● Exercise objective
Output, word for word and without pictures, the lines from the one containing "Pin It I discovered" through the final line of the listing below.

● Supplied data
━━━━
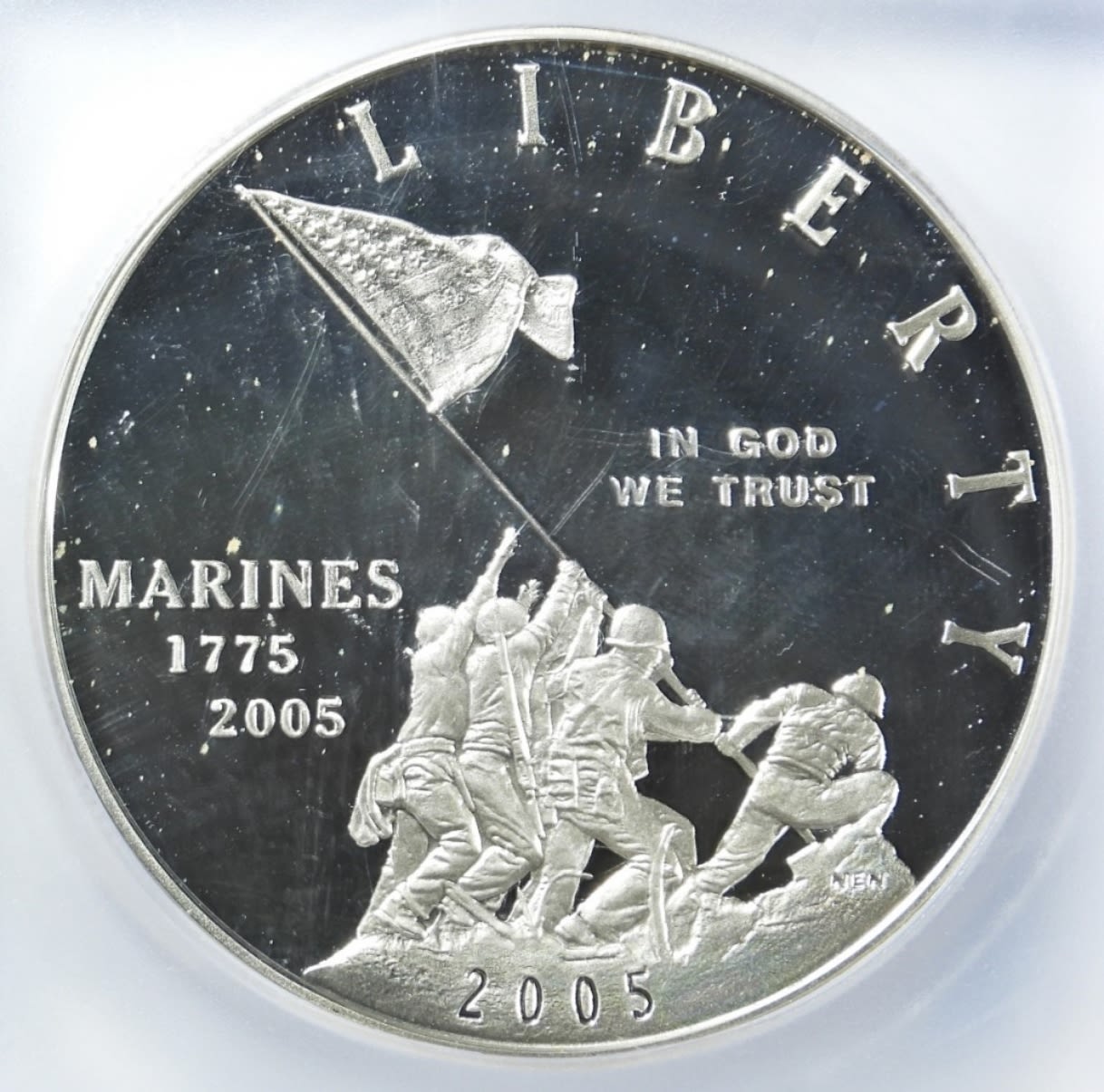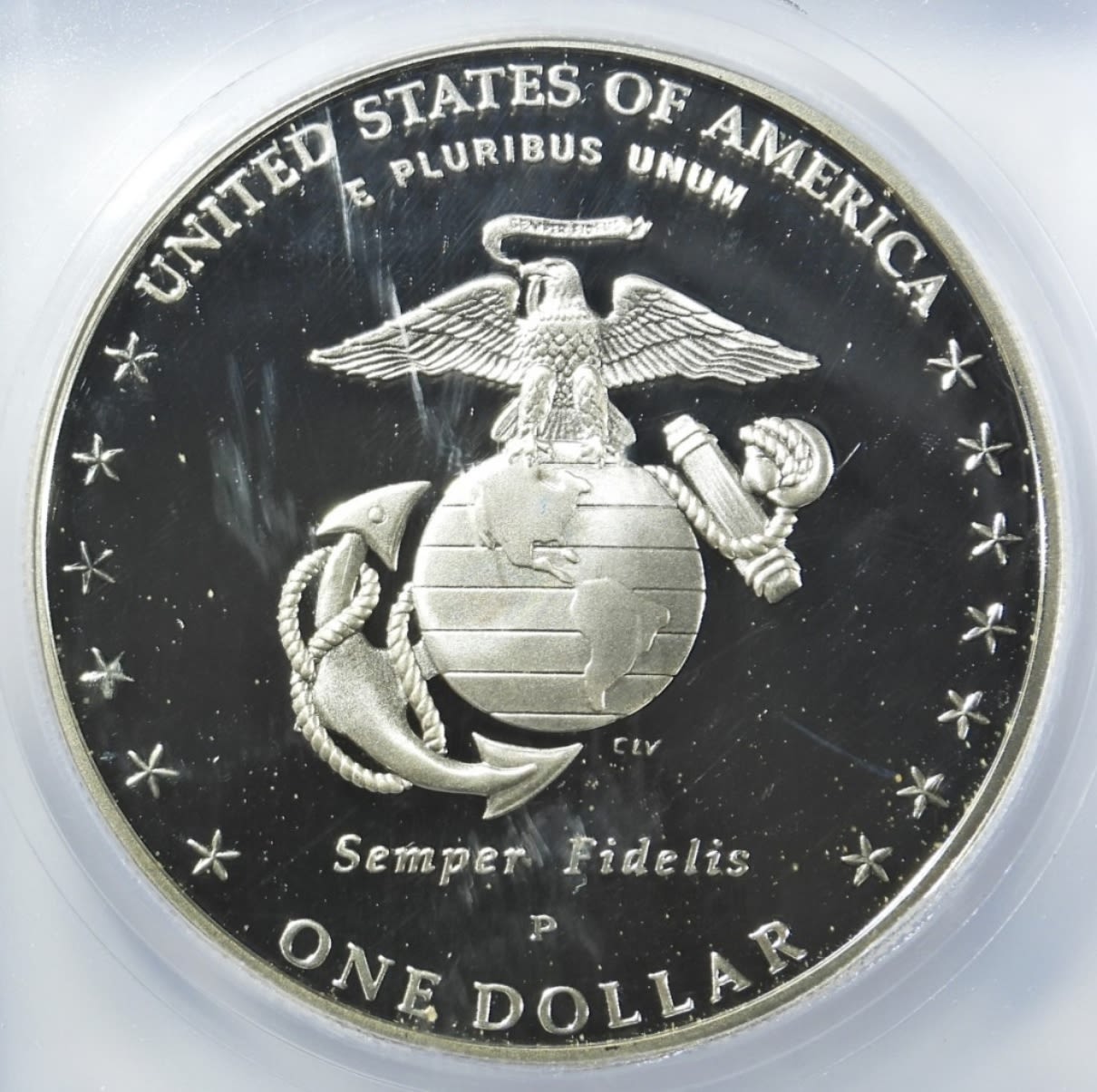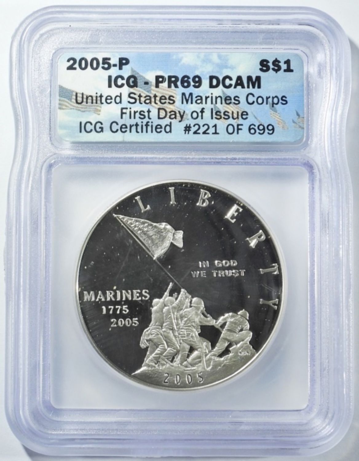 FIRST DAY OF ISSUE. MARINE CORPS COMMEM SILVER DOLLAR
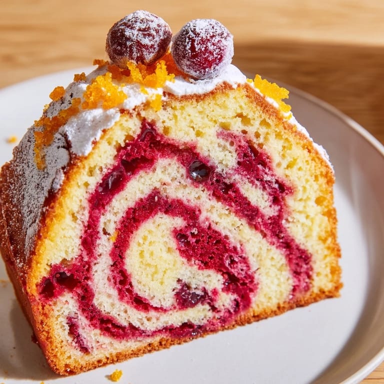 Pin It I discovered this cake during a particularly quiet December afternoon when my kitchen felt too empty without the chaos of holiday baking. I had fresh cranberries sitting in a bowl, a bag of oranges catching the winter light, and suddenly I was transported back to my grandmother's kitchen where she'd make something similar every year. The memory was so vivid that I decided to recreate it that very day, and what emerged was this stunning swirl cake that tastes like Christmas morning feels.
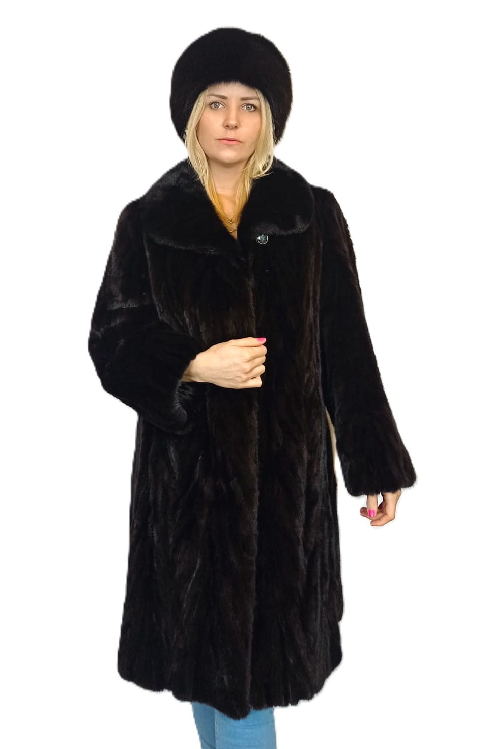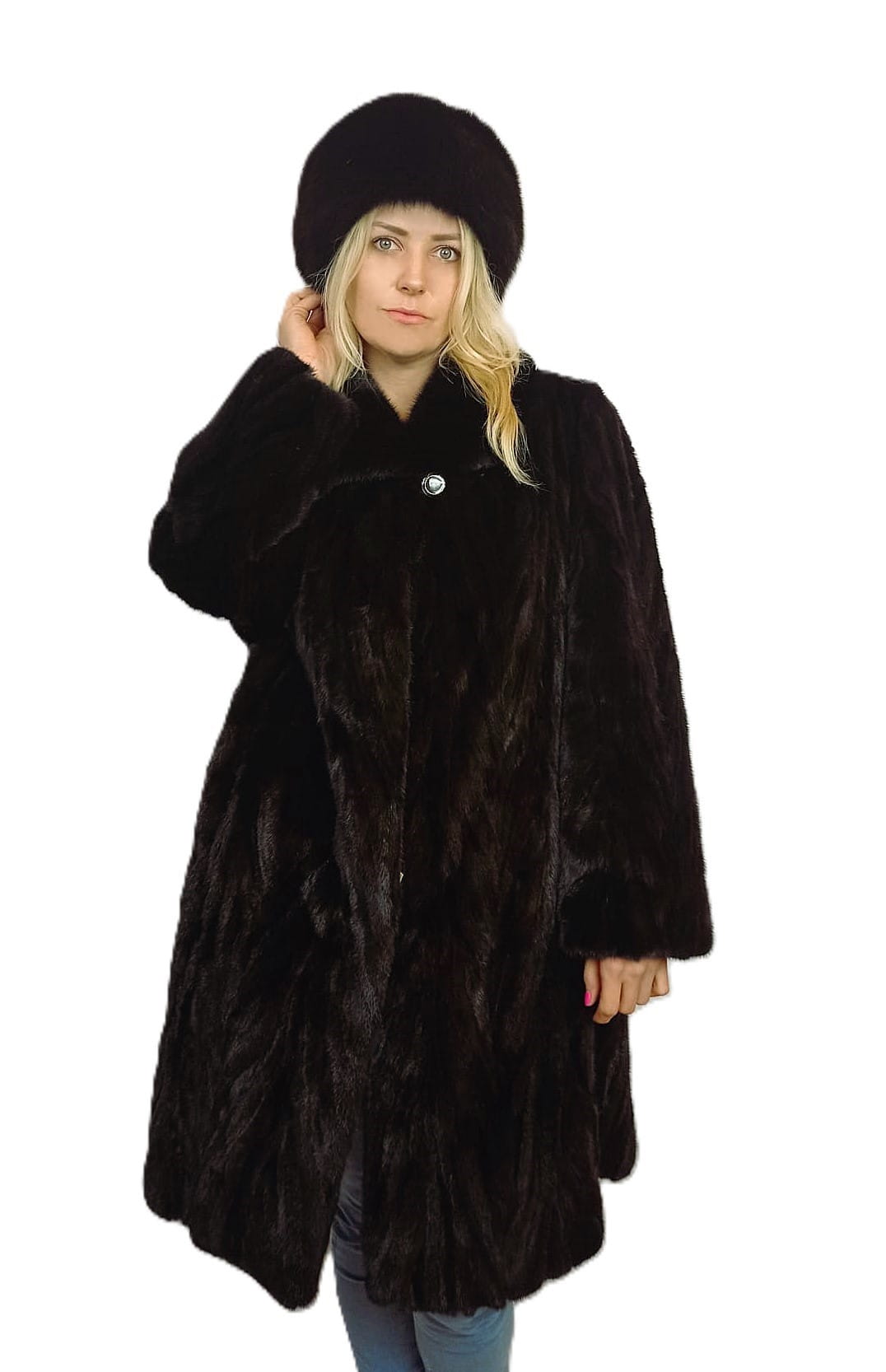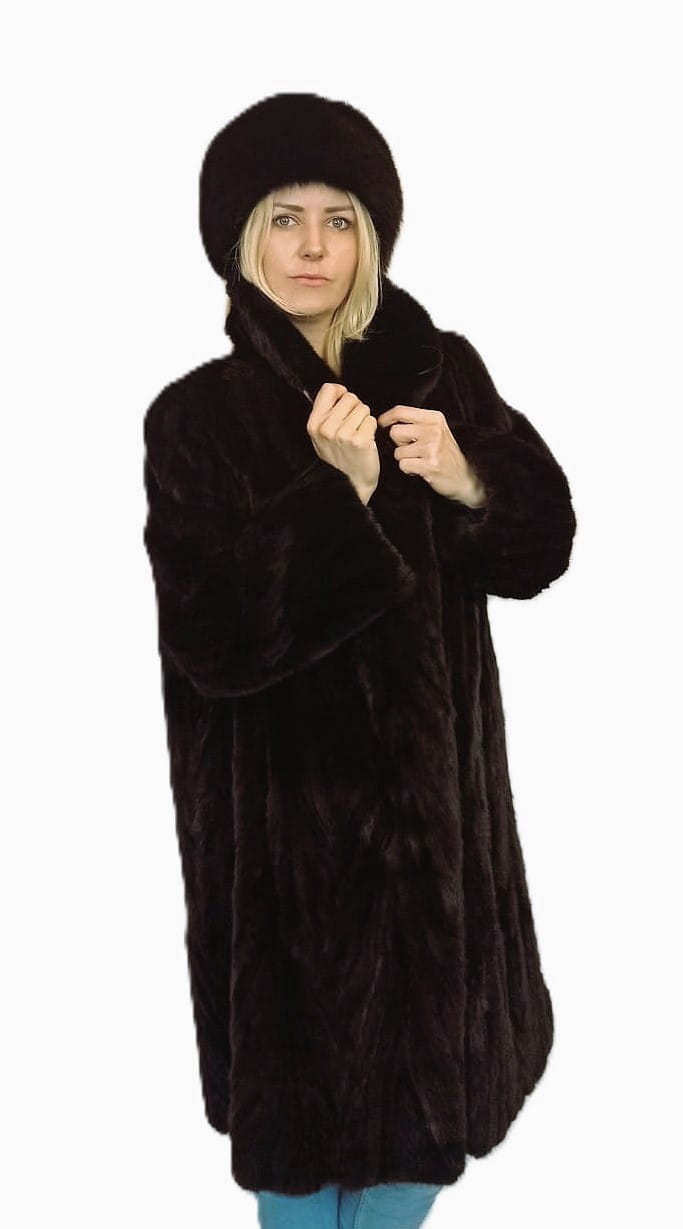 Luksusowe futro damskie wykonane z naturalnego futra norek w szlachetnym, głębokim odcieniu brązu.
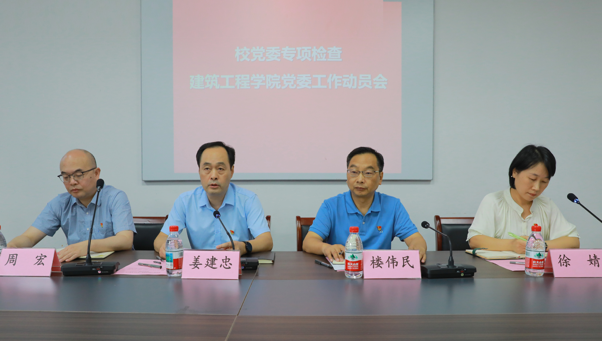 10月16日下午,校党委专项检查建筑工程学院党委工作动员会于桃李2号楼208会议室举行。校纪委书记、党委巡察工作领导小组副组长姜建忠,校党委副书记、专项检查组组长楼伟民出席会议并讲话。巡察办、学工部、教务处、科技处负责人,校党委专项检查组全体人员,建筑工程学院中层及以上干部、近5年调离及退休的原领导班子成员、师生代表参加了会议。动员会由建筑工程学院党委书记徐婧主持。
━━━━
● Problem solution
 Pin It I discovered this cake during a particularly quiet December afternoon when my kitchen felt too empty without the chaos of holiday baking. I had fresh cranberries sitting in a bowl, a bag of oranges catching the winter light, and suddenly I was transported back to my grandmother's kitchen where she'd make something similar every year. The memory was so vivid that I decided to recreate it that very day, and what emerged was this stunning swirl cake that tastes like Christmas morning feels.
 Luksusowe futro damskie wykonane z naturalnego futra norek w szlachetnym, głębokim odcieniu brązu.
 10月16日下午,校党委专项检查建筑工程学院党委工作动员会于桃李2号楼208会议室举行。校纪委书记、党委巡察工作领导小组副组长姜建忠,校党委副书记、专项检查组组长楼伟民出席会议并讲话。巡察办、学工部、教务处、科技处负责人,校党委专项检查组全体人员,建筑工程学院中层及以上干部、近5年调离及退休的原领导班子成员、师生代表参加了会议。动员会由建筑工程学院党委书记徐婧主持。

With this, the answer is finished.